Stress-strain relationships monitored from the global sphere and localized spheres of 1–4: ac tunnel in the Y direction, σx = 75.0 MPa; df tunnel in the Y direction, σz = 75.0 MPa; gi tunnel in the X direction, σx = 75.0 MPa; jl tunnel in the X direction, σz = 75.0 MPa. The dips of the joint sets in the models are 90° and 0°

Conclusions

A synthetic rock mass numerical model is applied for characterizations of the rock mass and tunnel EDZ in this research. The block volume is used as a bridge between the DFN models and the descriptive rating towards rock mass structure during GSI characterization. The strength and modulus are compared between the SRM and the GSI/Hoek-Brown system.
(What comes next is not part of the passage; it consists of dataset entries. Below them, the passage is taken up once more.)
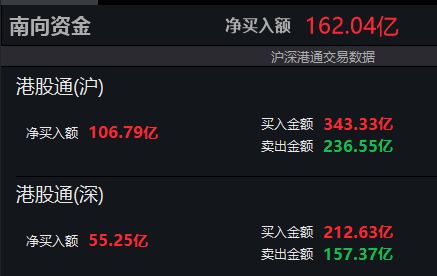 上证报中国证券网讯 2月5日15时20分,南向资金净买入超160亿港元,达到162.04亿港元。
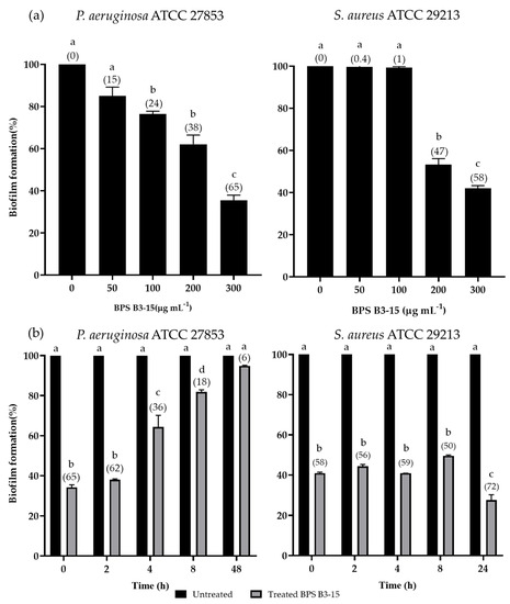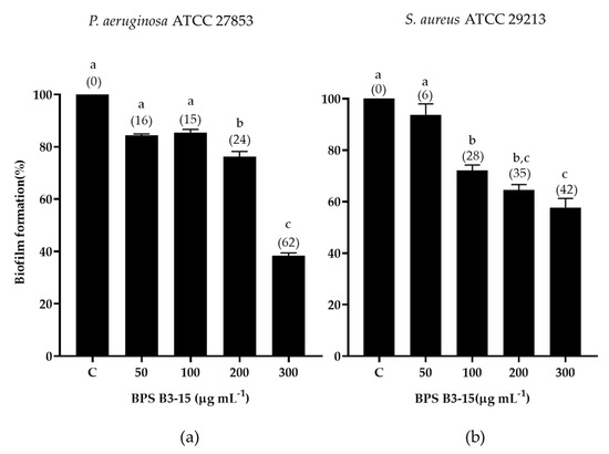 3.2. Antibiofilm Activity of BPS B3-15
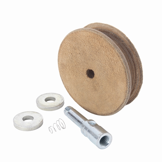 Læderskiven sidder monteret på maskinen ved køb og denne version anvendes som udskiftning, når den originale profilerede skive er slidt eller skal fornyes.
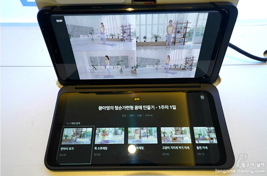 엘지 스마트캠은 스마트폰으로 홈트레이닝 코칭 영상을 보면서 운동을 했었는데 좀 더 확대된 개념으로 볼 수 있습니다. 따라서 스마트폰 보다 큰 화면으로 사용할 수 있다는 장점을 누리고 싶은 니즈를 채울 수 있을 것 같아요.
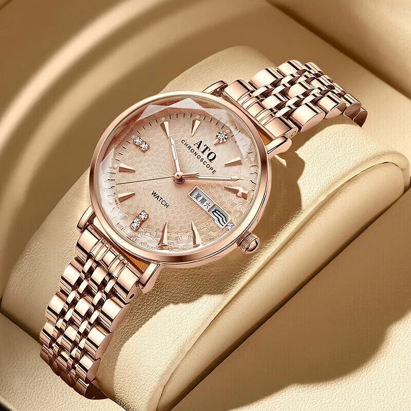 这款ATQL610机械手表,真的是让我一见倾心!选择它,主要有以下几个原因:外观设计时尚,轻奢复古的风格,无论是商务场合还是日常穿搭,都能轻松驾驭。表盘采用个性棱形设计,搭配太阳纹锆钻时标,璀璨夺目,让人无法抗拒。
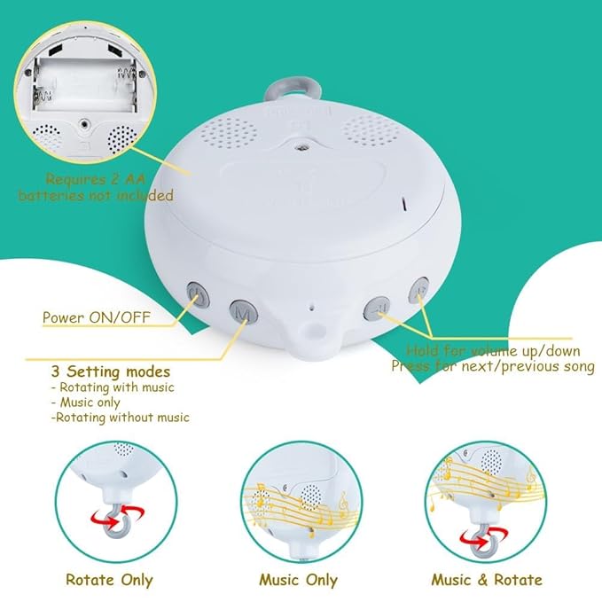 - ♫ MADE FOR BABY'S VIEW - UPGRADED MUSIC BOX, Easy to install, no screw needed,Requires 2 AA (not included). The baby mobile is made of safe ABS material, and the cute soft crib toys are handmade from high-quality stretch cotton, offer your baby harmless using experience. (Before Purchasing, please make sure the edge of your crib suitable for the baby bed holder). Crib mobiles keep your baby entertained, so you can have a little break or complete chores as your baby plays.

Numerical models suggest that the SRM method and the GSI/Hoek-Brown system converge well when the joints simulated in the rock mass are inclined and favorable to shear sliding. The numerical strength is higher when the joints are horizontally and vertically distributed. In this case, the rock mass failure depends predominantly on intact rock properties, and the empirical GSI/Hoek-Brown system should be applied with care. The SRM method is then used for tunnel EDZ characterization when the rock mass is in varied environments of in situ stresses. Typical notch failures are simulated in one of the SRM models, and more types of the tunnel EDZ are simulated with changed directions of the tunnel and stresses. The tunnel EDZ is essentially a function of the tunnel orientation, discontinuities within the rock mass, and characteristics of the initial stresses. Monitoring stresses and strains at the localized measurement spheres show detailed mechanical behavior near the tunnel. Stress concentrations are simulated in the rock masses being squeezed. The rock mass deforms towards the free space of the tunnel excavation, behaving as high strains. The area of the tunnel EDZ is significantly reduced when the rock mass is strengthened by the horizontal and vertical joints.